My data is tabular, with samples in rows and features in columns.
I created a binary classification ensemble model using pycaret("rf", "knn", "nb", "lr", "et"), and I want to obtain sample-specific feature importance using LIME. (Not all samples)
My model's pipeline is as follows.
<bound method Pipeline.get_params of Pipeline(memory=FastMemory(location=/tmp/joblib),
steps=[('numerical_imputer',
TransformerWrapper(include=['Neurons_xcell', 'HSC_xcell',
'Th2.cells_xcell',
'Neutr...
VotingClassifier(estimators=[('Extra Trees Classifier',
ExtraTreesClassifier(n_jobs=20,
random_state=42)),
('Random Forest Classifier',
RandomForestClassifier(n_jobs=20,
random_state=42)),
('K Neighbors Classifier',
KNeighborsClassifier(n_jobs=20)),
('Naive Bayes', GaussianNB()),
('Logistic Regression',
LogisticRegression(max_iter=1000,
random_state=42))],
n_jobs=20, voting='soft'))])>
And here is my code.
import sys, os
import lime
import lime.lime_tabular
from pycaret.classification import *
from pycaret.classification import load_model
from sklearn.model_selection import train_test_split
import pandas as pd
import numpy as np
within_model = load_model("best_model")
df = pd.read_csv("my_input_data.csv", index_col=0)
train,test = train_test_split(df, test_size=0.2, random_state=62, stratify=df["resistance"])
def prob(data):
return np.array(list(zip(1-within_model.predict(data), within_model.predict(data))))

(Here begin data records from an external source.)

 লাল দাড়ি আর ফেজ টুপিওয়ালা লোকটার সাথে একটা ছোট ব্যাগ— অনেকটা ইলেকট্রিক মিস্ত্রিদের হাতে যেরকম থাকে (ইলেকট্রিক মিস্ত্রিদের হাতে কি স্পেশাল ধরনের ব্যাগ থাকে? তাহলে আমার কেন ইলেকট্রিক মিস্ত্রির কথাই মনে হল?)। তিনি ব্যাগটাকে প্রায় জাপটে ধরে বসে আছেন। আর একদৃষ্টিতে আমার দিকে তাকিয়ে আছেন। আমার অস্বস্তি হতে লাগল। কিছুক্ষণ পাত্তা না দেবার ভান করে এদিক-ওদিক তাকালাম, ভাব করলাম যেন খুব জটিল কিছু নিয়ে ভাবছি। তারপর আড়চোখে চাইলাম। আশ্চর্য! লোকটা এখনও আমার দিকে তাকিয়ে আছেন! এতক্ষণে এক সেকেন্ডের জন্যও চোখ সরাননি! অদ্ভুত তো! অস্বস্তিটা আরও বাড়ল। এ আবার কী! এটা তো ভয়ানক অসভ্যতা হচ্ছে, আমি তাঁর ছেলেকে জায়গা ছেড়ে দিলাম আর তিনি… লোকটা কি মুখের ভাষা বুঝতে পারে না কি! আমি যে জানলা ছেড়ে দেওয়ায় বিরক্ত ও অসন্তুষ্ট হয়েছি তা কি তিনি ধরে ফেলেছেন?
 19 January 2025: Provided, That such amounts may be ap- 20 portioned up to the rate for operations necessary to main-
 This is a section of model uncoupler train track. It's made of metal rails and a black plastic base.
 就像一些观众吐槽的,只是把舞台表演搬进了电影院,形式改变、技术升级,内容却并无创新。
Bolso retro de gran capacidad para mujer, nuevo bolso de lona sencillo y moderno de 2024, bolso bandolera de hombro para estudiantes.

explainer = lime.lime_tabular.LimeTabularExplainer(train.values,feature_names = train.columns, class_names=['resistance', 'non-resistance'], kernel_width=5, mode="classification")
i = 1
exp = explainer.explain_instance(test.values[i], prob, num_features = len(test.columns))

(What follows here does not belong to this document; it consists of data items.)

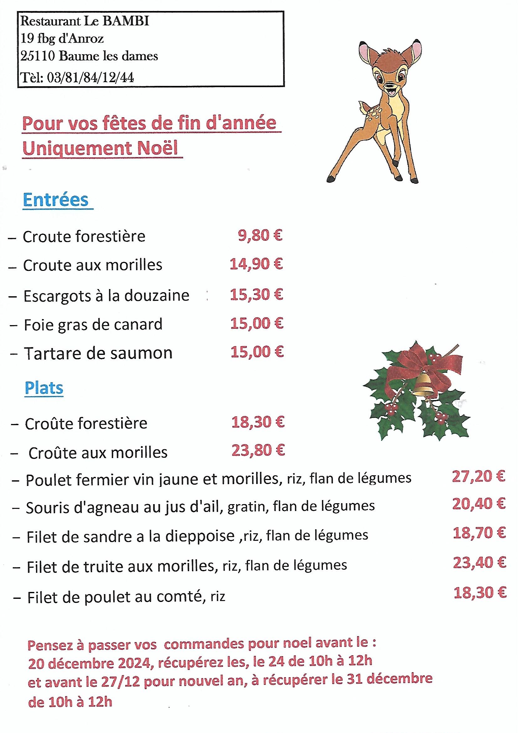 Situé à Baume-Les-Dames (25 Doubs, Franche-Comté), Le Bambi propose une cuisine traditionnelle faite maison à partir de beaucoup de produits locaux pour vous garantir la qualité et les saveurs du terroir.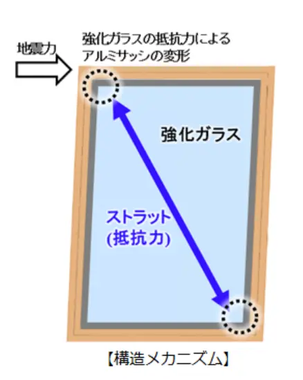 透明耐震壁の構成部材は、強化ガラスとアルミサッシの二つ。アルミサッシについては、ガラスを損傷させることなく優れた抵抗力を発揮させるために新たに開発を行った。地震時に変形を吸収するための空間もサッシ内部に設けている。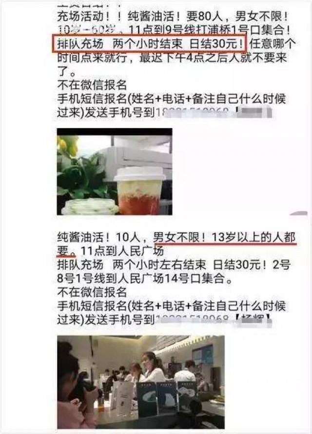 至于價格,爆料稱:黃牛們每天都會在伴侶圈里招人排隊,排隊一趟人為30塊。甚至有些姨媽,給15塊、20塊就愿意來排。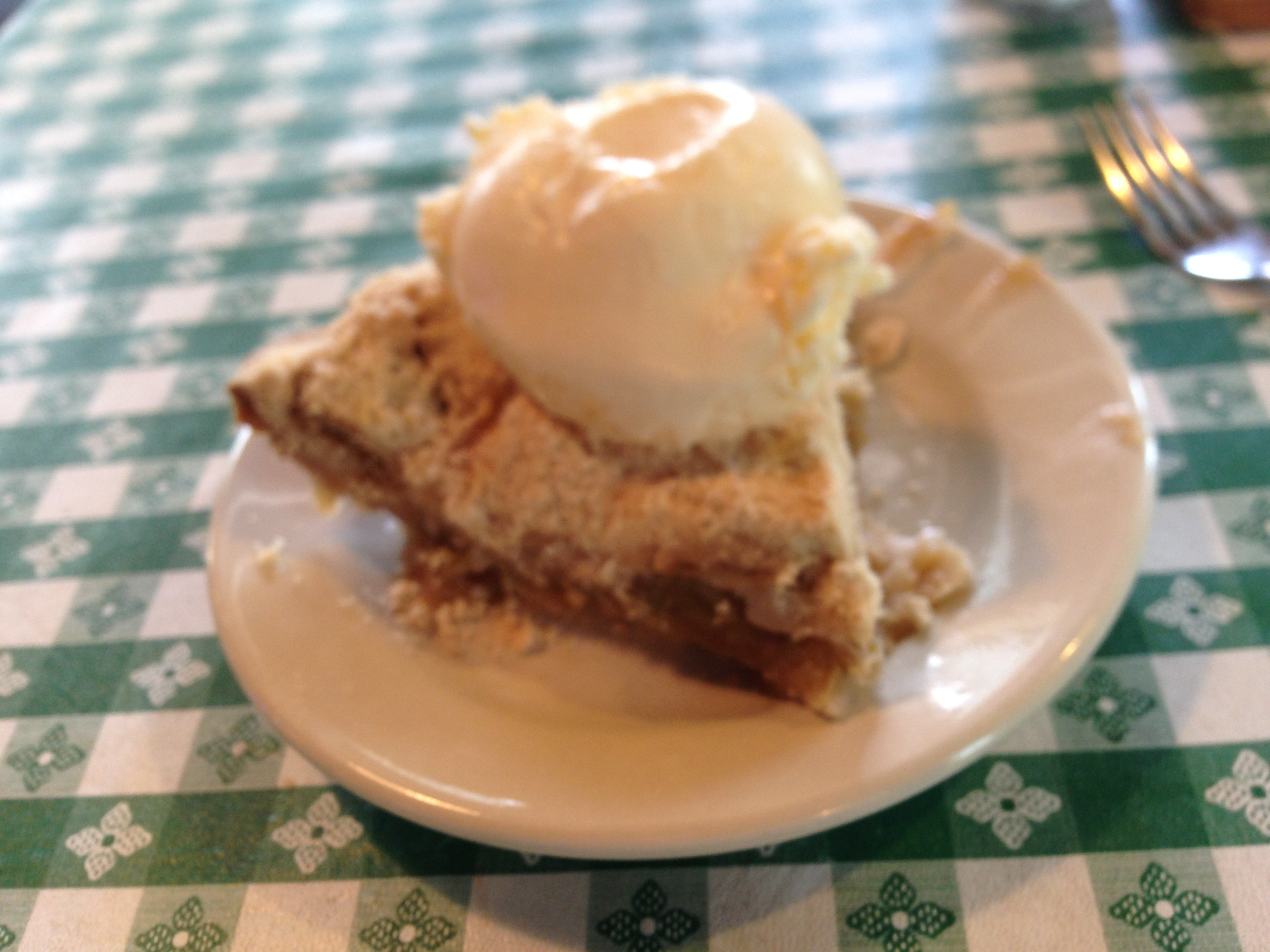 Possibly, the most fascinating thing about the original entry (which I never published) is that my pictures are so bad (which is why I never finished it). Later that day, I noticed while I was looking at the pictures I took at Slow Bone how blurry they were. So I got to my second stop, at Charlie’s, and when I went to take a photo of the ice cream and pie (the picture to the left), the first thing I did was clean the lens. On the way back home, I realized my pictures of that meal were blurry, too. I couldn’t figure it out.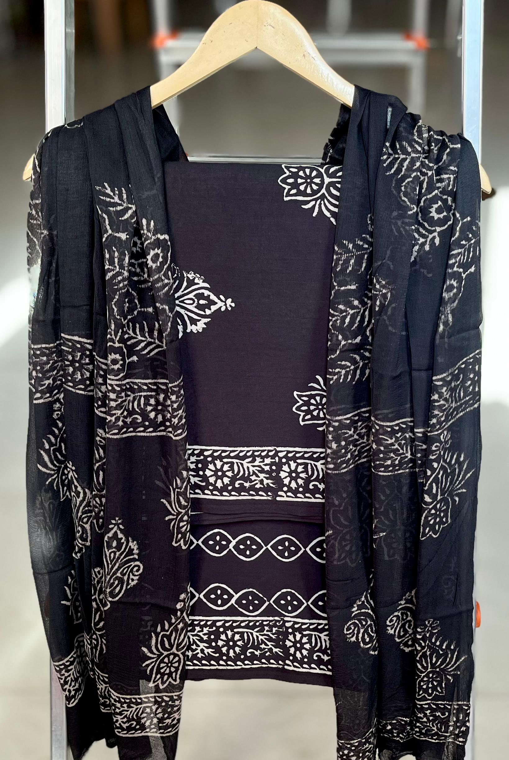 Step into a world where tradition meets modern aesthetics with the Midnight Floral Elegance Cotton Suit Set. Crafted with care, the fabric is adorned with intricate floral motifs alongside striking geometric borders, keeping in tune with the heritage of Indian block printing. The deep black base serves as a canvas for elegant white patterns, lending a fresh yet timeless look.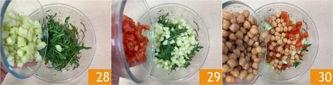 Añade la rúcula, previamente lavada y secada, el pepino 28, el tomate 29 y los garbanzos precocinados 30. Mezcla para amalgamar todo.

However, I encounter an error in the explainer part: "KeyError: "None of [Index([''], dtype='object')] are in the [columns]."
I've checked other posts, but there are no spaces in the columns.

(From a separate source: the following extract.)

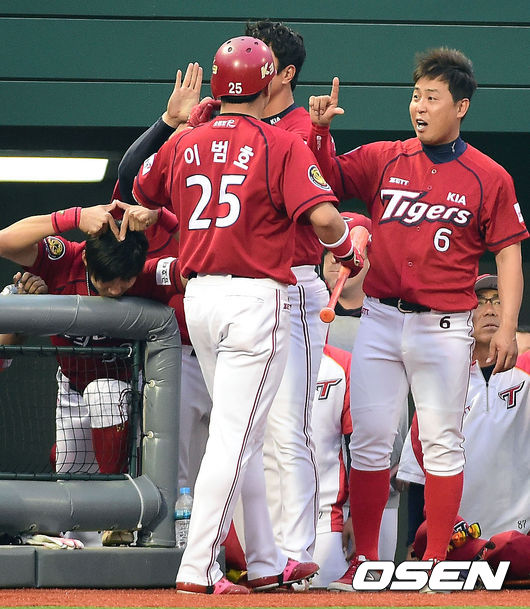 6회초 2사 1루 KIA 이범호가 좌측 담장을 넘기는 투런 홈런을 때린 뒤 동료들과 기뻐하고 있다.

Additionally, when I tried creating a model using sklearn.ensemble.RandomForestClassifier instead of an ensemble model, no error occurred.
Could you please explain why this issue is occurring in such cases and how to resolve it to obtain feature importance?
Alternatively, could you recommend another method to extract sample-specific feature importance from my model, besides LIME?
I've checked other posts and attempted to resolve it, but the same error persists.